## DIRECTIONS FOR THIS TASK:
Return only the lines from the one that contains "This paper proposes" through the last line of the records below, exactly as they stand. Pictures are not part of the copy.

## EXERCISE MATERIAL:
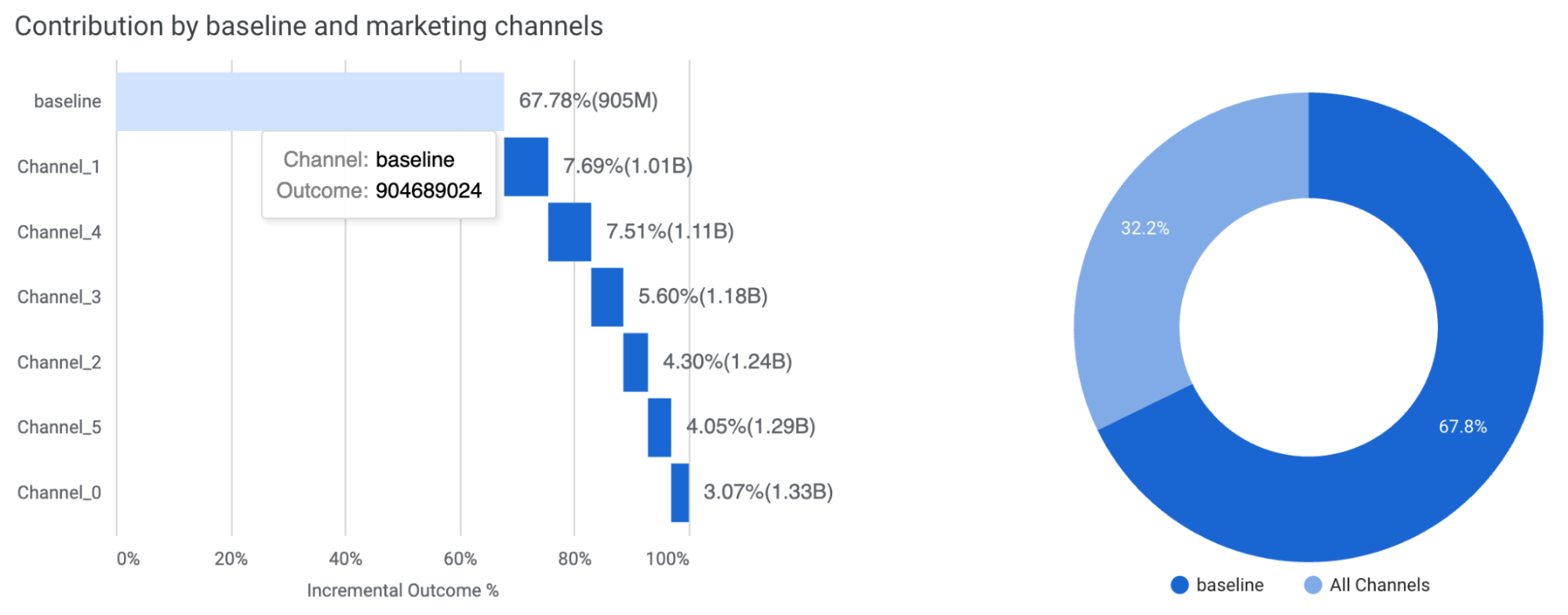 A seção Contribuição do canal fornece uma análise do impacto das suas atividades de mídia e que não são de mídia na performance da receita ou do KPI. É possível comparar métricas importantes, como retorno do investimento (ROI) e porcentagem do gasto e da receita ou KPI incremental em diferentes canais, e também detalhar a contribuição por valor de referência, promoções de preço e vários canais de marketing.
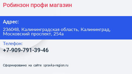 Робинзон профи, магазин по адресу 236048, Калининградская область, Калининград, Московский проспект, 254а в дальнейшем Организация, размещена в следующих категориях:
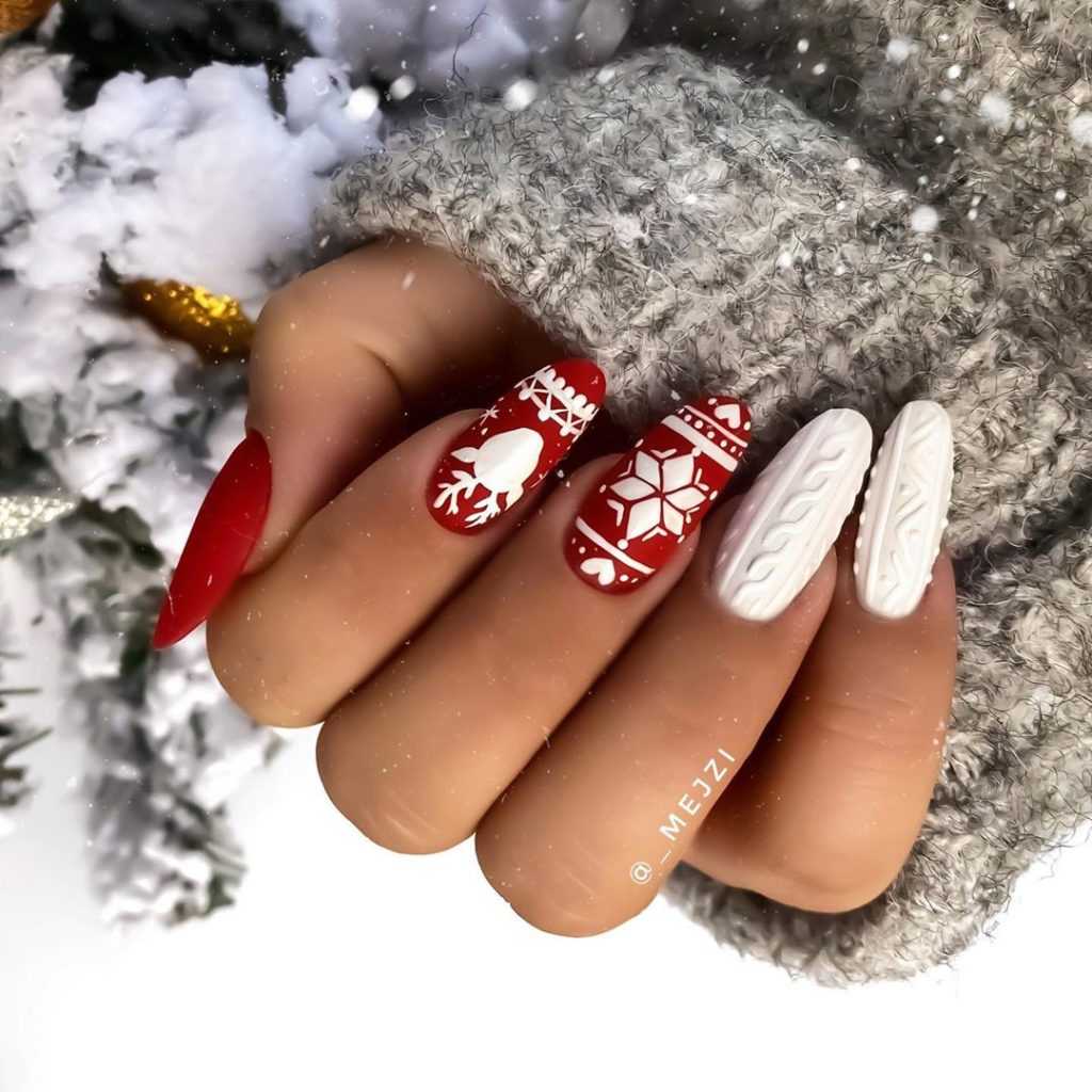 Так званый эффект свитера на ногтях это не только вязаный маникюр зима, но и зимний маникюр с орнаментом напоминающим узоры уютных свитеров. Популярнейшие скандинавские узоры со снежинками, зверьками или сердечками точь в точь повторяют рисунок маникюра на зиму.
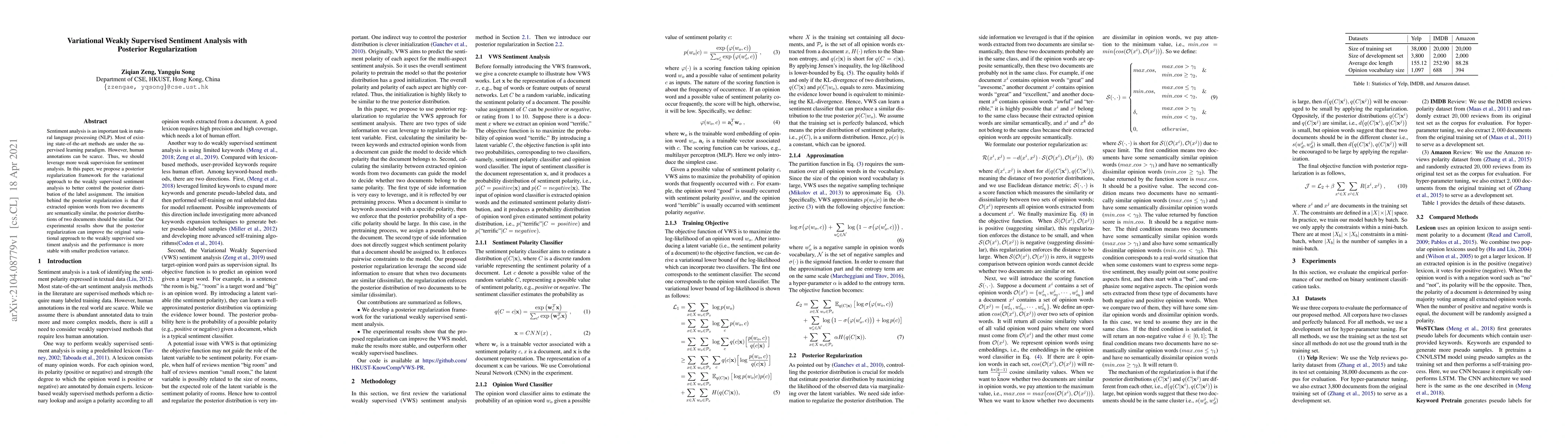 This paper proposes a posterior regularization framework for variational weakly supervised sentiment analysis, aiming to improve label assignment control by leveraging semantic similarity between opinion words. Experimental results demonstrate enhanced performance stability and reduced prediction variance.
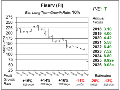 FI is part of the Conservative Growth Portfolio, Growth Portfolio, Aggressive Growth Portfolio. It’s a safe stock with a high-teens growth rate and a low P/E.
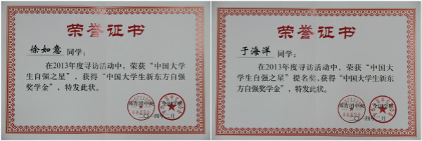 日前,由共青团中央、全国学联主办,中国青年报社、中国高校传媒联盟承办,新东方教育科技集团协办的2013年度寻访“中国大学生自强之星”活动评选结果揭晓,sunbet申搏经济与管理学院学生徐如意获得“中国大学生自强之星”称号,同时获得“中国大学生新东方自强奖学金”5000元;理学院学生于海洋获得“中国大学生自强之星”提名奖,同时获得“中国大学生新东方自强奖学金”2000元。
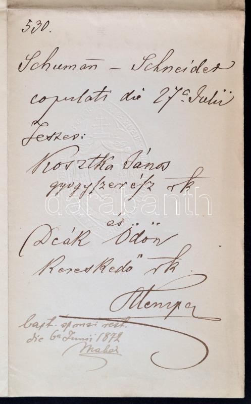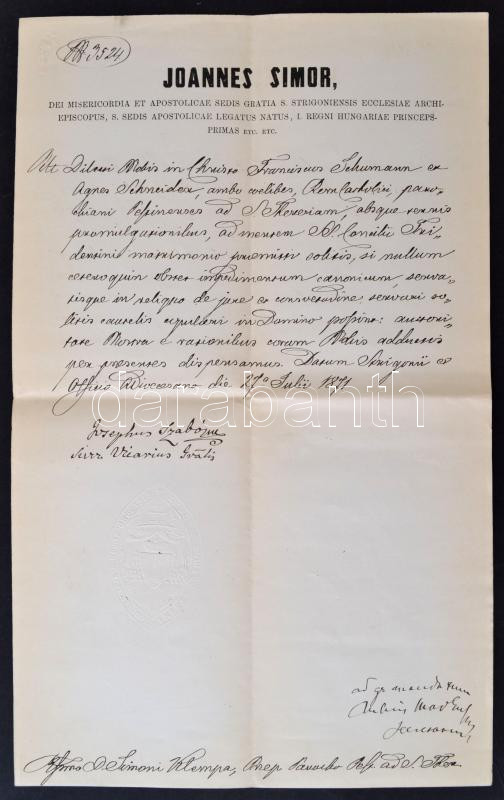 https://www.darabanth.com/en/271-Online-auction/271.0/Other-collectibles/Documents~17/1871-Simor-Janos1813-1891-esztergomi-ersek-vikariusa-altal-alairt-latin-nyelvu-hazassagle~II1371690
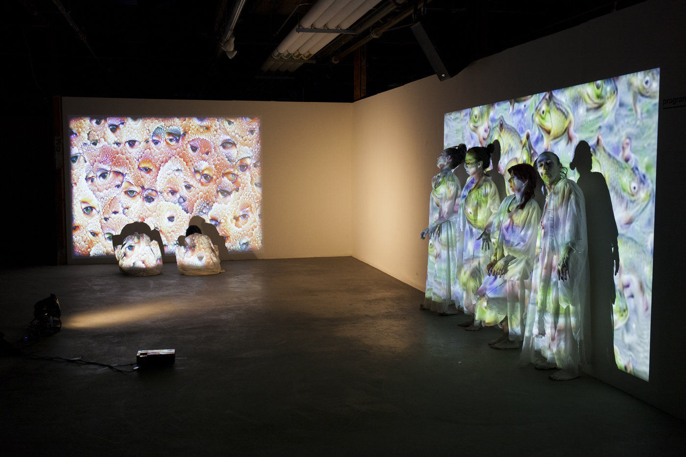 The artists first experimented with wall projections, but the white attire and makeup of Butoh suggested an opportunity to project directly onto the dancers bodies. To obtain a stable projected image, the artists rigged a projector with a Kinect sensor and a steady cam. After conducting several experiments, Okumura and Tyka chose flora and fauna themes as the entry point for artistic dialogue - reminiscent perhaps of ancient evolutionary remnants in our human selves.

## PROBLEM SOLUTION:
 This paper proposes a posterior regularization framework for variational weakly supervised sentiment analysis, aiming to improve label assignment control by leveraging semantic similarity between opinion words. Experimental results demonstrate enhanced performance stability and reduced prediction variance.
 FI is part of the Conservative Growth Portfolio, Growth Portfolio, Aggressive Growth Portfolio. It’s a safe stock with a high-teens growth rate and a low P/E.
 日前,由共青团中央、全国学联主办,中国青年报社、中国高校传媒联盟承办,新东方教育科技集团协办的2013年度寻访“中国大学生自强之星”活动评选结果揭晓,sunbet申搏经济与管理学院学生徐如意获得“中国大学生自强之星”称号,同时获得“中国大学生新东方自强奖学金”5000元;理学院学生于海洋获得“中国大学生自强之星”提名奖,同时获得“中国大学生新东方自强奖学金”2000元。
 https://www.darabanth.com/en/271-Online-auction/271.0/Other-collectibles/Documents~17/1871-Simor-Janos1813-1891-esztergomi-ersek-vikariusa-altal-alairt-latin-nyelvu-hazassagle~II1371690
 The artists first experimented with wall projections, but the white attire and makeup of Butoh suggested an opportunity to project directly onto the dancers bodies. To obtain a stable projected image, the artists rigged a projector with a Kinect sensor and a steady cam. After conducting several experiments, Okumura and Tyka chose flora and fauna themes as the entry point for artistic dialogue - reminiscent perhaps of ancient evolutionary remnants in our human selves.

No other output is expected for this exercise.